1.2 The values stated in SI units are to be regarded as standard. No other units of measurement are included in this standard.  
1.3 Warning—Mercury has been designated by EPA and many state agencies as a hazardous material that can cause central nervous system, kidney, and liver damage. Mercury, or its vapor, may be hazardous to health and corrosive to materials. Caution should be taken when handling mercury and mercury-containing products. See the applicable product Material Safety Data Sheet (MSDS) for details and EPA’s website (http://www.epa.gov/mercury/faq.htm) for additional information. Users should be aware that selling mercury or mercury-containing products, or both, in your state may be prohibited by state law.  
1.4 The text of this standard references notes and footnotes which provide explanatory material. These notes and footnotes (excluding those in tables and figures) shall not be considered as requirements of the standard.  

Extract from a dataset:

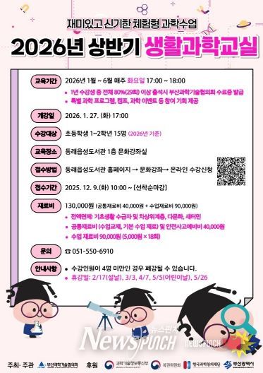 뉴스펀치 김길룡 기자 | 부산 동래구는 2026년 1월부터 동래읍성도서관과 안락누리도서관, 온빛어린이 작은도서관에서 부산과학기술협의회와 연계해 관내 초등학생을 대상으로 ‘생활과학교실'을 운영한다고 밝혔다.

1.5 This standard does not purport to address all of the safety concerns, if any, associated with its use. It is the responsibility of the user of this standard to establish appropriate safety, health, and environmental practices and determine the applicability of regulatory limitations prior to use.  
1.6 This international standard was developed in accordance with internationally recognized principles on standardization established in the Decision on Principles for the Development of International Standards, Guides and Recommendations issued by the World Trade Organization Technical Barriers to Trade (TBT) Committee.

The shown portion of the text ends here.